A spokesman at the Indian Consulate said the letter, delivered January 24, was among messages Ho sent to a number of governments including France.
The letter, expressing interest in peace moves, spurred hopes for an end to the deadly conflict.” Bombings in North Vietnam were resumed January 31; why were the January 24th letters ignored?
President Johnson has made it clear that he will accept peace only if it is based on the unconditional surrender of the National Liberation front. In testimony before the Senate Foreign Relations Committee, according to the New York Times of February 20, General Maxwell D. Taylor said that the objective of the United States was to apply enough military power to force the Communists to accept an independent and non-communistic South Vietnam. Yet in the same issue, the Times points out that “the Vietcong hold military control of more than half of the countryside and strong political influence over at least a third of the people. To expect the Cong to yield these gains is, in effect, a demand for their unconditional surrender.”

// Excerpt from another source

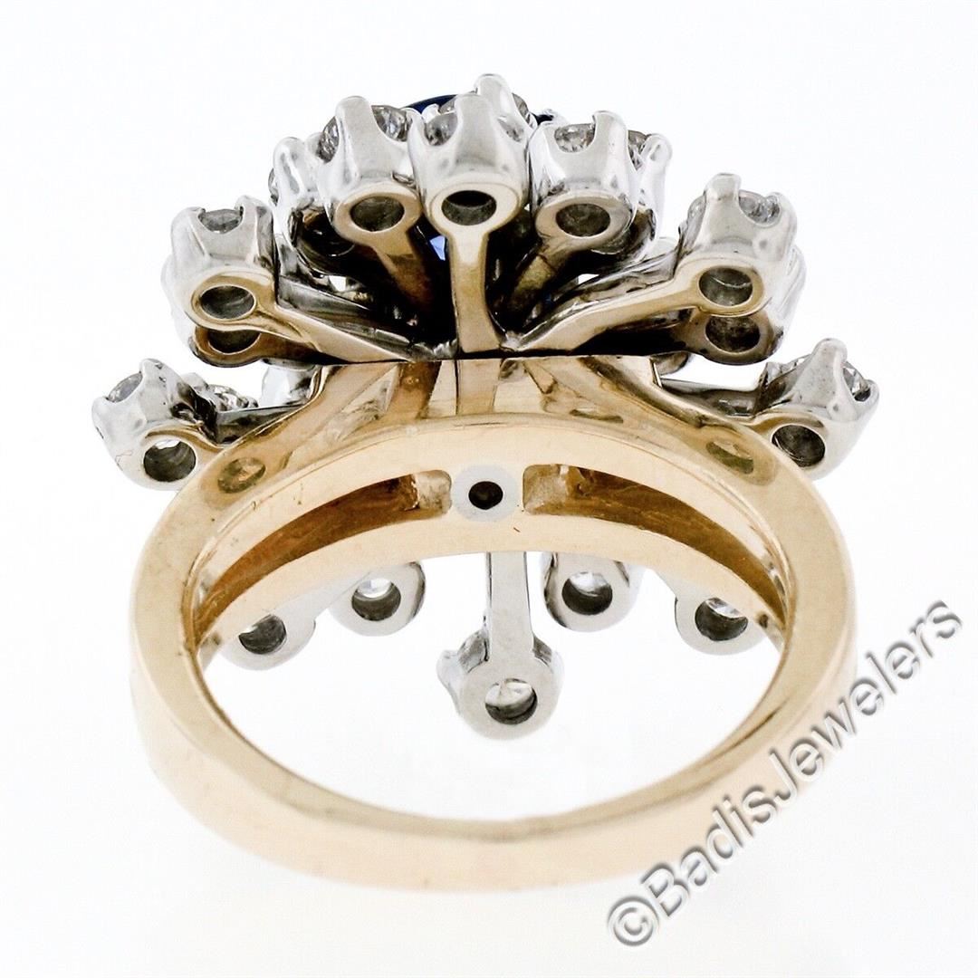 Vintage 14K TT Gold 3.26 ctw Round Sapphire Diamond Tiered Snowflake Cluster Rin

Not only has the Administration refused to consider the idea that the NLF might participate in a post-war coalition government; it has also rejected the idea of NLF representation at any peace conference. And yet, according to Senator Fulbright, “Without clear assurance that they would be permitted to be party to a peace conference and to take part in elections, the Vietcong has no alternative but to continue fighting.”
It is untrue that the National Liberation Front and Hanoi are unwilling to negotiate. According to the Detroit Free Press of February 17, “the peace efforts of U Thant, Secretary General of the United Nations, have disclosed Hanoi’s three basic requirements for negotiations. First of these is a new pause in the United States bombing of North Vietnam. The second requirement for negotiation would be an indication that the United States has discontinued the ‘escalation’ of the ground war in South Vietnam... North Vietnam apparently would be influenced toward talks if the reinforcements by military units ended or even, perhaps, if replacements for existing units were halted. Finally, North Vietnam would require some firm assurance, public or private, that the United States and South Vietnamese governments would accept the presence of representatives.”

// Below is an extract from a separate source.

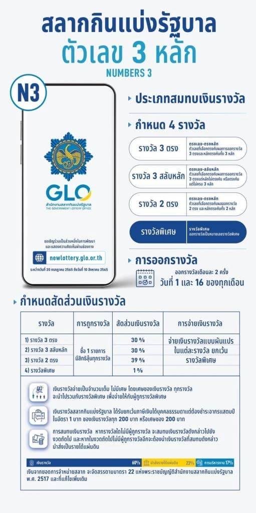 การจัดสรรเงินรางวัล กฎหมายกำหนดให้สัดส่วนร้อยละ 60 ของยอดขายใช้เป็นเงินรางวัล จัดสรรไม่น้อยกว่าร้อยละ 23 เป็นรายได้แผ่นดิน และเงินไม่เกินกว่าร้อยละ 17 เป็นค่าใช้จ่ายในการบริหารงาน รัฐบาล หวังว่าการออกรางวัลเลขท้าย 2-3 ตัว ช่วยแก้ไขปัญหาการขายสลากฯ เกินราคา เมื่อขายผ่านแอปพลิเคชันเป๋าตัง และเพิ่มทางเลือกให้ประชาชนซื้อสลากแบบถูกกฎหมาย แทนการซื้อหวยใต้ดิน ผู้ซื้อสลากสามารถเลือกตัวเลขได้ตามความต้องการ มีรางวัลแจ็คพอตให้ลุ้นเพิ่มเติม และได้รับรางวัลอย่างแน่นอน ส่วนสลาก L6 แบบดิจิทัล จะไม่มีการพิมพ์สลากฯ และไม่มีการสแกนภาพสลากฯ จึงแตกต่างจากสลากฯ ที่ใช้อยู่ในปัจจุบัน.-สำนักข่าวไทย

These demands are not unreasonable. It is only the indefensible intransigence of the United States government which necessitates the escalation and expansion of our intervention in Vietnam. United States peace offers are not unconditional when they demand the precondition of the surrender of the NLF. The NLF is not intransigent when it refuses to participate in negotiations to ratify its own surrender.
Only when our government truly recognizes the right of all the Vietnamese people to self-determination and halts entirely its illegal military intervention in Vietnam, will this war be ended. For these reasons, I am opposed to current American policy in Vietnam.